Collection entries
★ ★ ★ ★ ★ ★ ★
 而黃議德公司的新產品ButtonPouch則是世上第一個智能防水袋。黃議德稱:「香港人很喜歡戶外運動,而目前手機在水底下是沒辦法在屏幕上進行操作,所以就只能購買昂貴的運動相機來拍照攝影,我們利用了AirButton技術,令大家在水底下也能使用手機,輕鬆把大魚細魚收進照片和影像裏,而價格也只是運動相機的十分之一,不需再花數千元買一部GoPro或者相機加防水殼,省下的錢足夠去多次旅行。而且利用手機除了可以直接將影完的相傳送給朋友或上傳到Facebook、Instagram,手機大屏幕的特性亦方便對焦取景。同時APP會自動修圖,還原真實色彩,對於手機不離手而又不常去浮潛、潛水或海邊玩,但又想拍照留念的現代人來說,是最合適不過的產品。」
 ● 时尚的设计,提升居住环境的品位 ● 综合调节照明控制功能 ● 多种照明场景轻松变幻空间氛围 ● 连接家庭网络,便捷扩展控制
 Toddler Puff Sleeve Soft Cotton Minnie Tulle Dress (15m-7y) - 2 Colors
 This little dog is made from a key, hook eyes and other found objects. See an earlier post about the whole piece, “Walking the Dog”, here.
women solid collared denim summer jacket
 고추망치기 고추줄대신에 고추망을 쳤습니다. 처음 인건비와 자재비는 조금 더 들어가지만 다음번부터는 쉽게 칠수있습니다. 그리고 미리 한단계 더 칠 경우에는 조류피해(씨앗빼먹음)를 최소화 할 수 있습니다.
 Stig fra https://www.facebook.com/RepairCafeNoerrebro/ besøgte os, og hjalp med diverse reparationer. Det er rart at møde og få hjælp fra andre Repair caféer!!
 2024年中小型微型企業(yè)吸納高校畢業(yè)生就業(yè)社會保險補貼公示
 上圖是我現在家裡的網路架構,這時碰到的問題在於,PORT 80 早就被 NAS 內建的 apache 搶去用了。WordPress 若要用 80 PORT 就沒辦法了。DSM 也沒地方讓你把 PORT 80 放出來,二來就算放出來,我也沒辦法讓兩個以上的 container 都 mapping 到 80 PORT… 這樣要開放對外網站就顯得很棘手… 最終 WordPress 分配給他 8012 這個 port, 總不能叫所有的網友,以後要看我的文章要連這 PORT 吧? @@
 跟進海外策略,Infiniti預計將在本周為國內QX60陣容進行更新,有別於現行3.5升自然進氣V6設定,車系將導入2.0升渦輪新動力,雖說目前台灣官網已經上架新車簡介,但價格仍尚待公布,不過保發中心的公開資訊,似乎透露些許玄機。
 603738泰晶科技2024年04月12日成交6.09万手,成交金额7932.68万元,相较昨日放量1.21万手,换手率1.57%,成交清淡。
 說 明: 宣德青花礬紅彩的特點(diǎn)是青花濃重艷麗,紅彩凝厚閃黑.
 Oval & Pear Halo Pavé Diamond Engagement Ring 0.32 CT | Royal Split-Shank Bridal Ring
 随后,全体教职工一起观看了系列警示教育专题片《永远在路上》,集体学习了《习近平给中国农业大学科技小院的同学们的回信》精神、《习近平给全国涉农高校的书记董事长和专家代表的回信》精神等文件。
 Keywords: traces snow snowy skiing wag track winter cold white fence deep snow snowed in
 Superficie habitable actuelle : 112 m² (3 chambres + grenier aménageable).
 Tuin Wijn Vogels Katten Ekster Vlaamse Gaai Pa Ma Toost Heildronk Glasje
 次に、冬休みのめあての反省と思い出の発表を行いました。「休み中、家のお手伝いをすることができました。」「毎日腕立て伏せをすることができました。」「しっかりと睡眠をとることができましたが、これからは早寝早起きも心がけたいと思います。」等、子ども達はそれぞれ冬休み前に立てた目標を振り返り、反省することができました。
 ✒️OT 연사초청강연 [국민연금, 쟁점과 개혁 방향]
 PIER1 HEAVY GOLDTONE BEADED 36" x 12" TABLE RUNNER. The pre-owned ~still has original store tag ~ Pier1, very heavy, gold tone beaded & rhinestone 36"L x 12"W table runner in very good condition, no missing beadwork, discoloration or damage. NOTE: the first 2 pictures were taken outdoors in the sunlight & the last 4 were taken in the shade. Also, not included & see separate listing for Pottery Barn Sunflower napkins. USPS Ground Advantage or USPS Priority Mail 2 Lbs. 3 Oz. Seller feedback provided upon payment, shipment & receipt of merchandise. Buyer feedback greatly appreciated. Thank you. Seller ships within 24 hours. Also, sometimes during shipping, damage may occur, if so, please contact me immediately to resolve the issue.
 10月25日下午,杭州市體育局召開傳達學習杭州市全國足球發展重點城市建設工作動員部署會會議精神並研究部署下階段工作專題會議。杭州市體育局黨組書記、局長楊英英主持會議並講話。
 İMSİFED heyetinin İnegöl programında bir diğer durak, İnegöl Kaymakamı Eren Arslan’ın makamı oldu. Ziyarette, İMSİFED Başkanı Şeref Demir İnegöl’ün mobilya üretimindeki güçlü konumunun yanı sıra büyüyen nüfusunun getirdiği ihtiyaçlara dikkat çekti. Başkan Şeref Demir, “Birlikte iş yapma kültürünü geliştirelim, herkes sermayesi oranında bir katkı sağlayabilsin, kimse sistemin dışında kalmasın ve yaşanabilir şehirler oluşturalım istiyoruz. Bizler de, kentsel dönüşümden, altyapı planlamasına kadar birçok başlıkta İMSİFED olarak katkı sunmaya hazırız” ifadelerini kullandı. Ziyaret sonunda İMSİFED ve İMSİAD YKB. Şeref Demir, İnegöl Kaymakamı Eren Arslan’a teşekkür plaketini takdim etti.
★ ★ ★ ★ ★ ★ ★
Beginning at the line with "說 明: 宣德青花礬紅彩的特點(diǎn)是青花濃重艷麗,紅彩凝厚閃黑." and stopping after the line with "[국민연금, 쟁점과 개혁 방향]", please write out every line of the data above exactly and nothing else.

 說 明: 宣德青花礬紅彩的特點(diǎn)是青花濃重艷麗,紅彩凝厚閃黑.
 Oval & Pear Halo Pavé Diamond Engagement Ring 0.32 CT | Royal Split-Shank Bridal Ring
 随后,全体教职工一起观看了系列警示教育专题片《永远在路上》,集体学习了《习近平给中国农业大学科技小院的同学们的回信》精神、《习近平给全国涉农高校的书记董事长和专家代表的回信》精神等文件。
 Keywords: traces snow snowy skiing wag track winter cold white fence deep snow snowed in
 Superficie habitable actuelle : 112 m² (3 chambres + grenier aménageable).
 Tuin Wijn Vogels Katten Ekster Vlaamse Gaai Pa Ma Toost Heildronk Glasje
 次に、冬休みのめあての反省と思い出の発表を行いました。「休み中、家のお手伝いをすることができました。」「毎日腕立て伏せをすることができました。」「しっかりと睡眠をとることができましたが、これからは早寝早起きも心がけたいと思います。」等、子ども達はそれぞれ冬休み前に立てた目標を振り返り、反省することができました。
 ✒️OT 연사초청강연 [국민연금, 쟁점과 개혁 방향]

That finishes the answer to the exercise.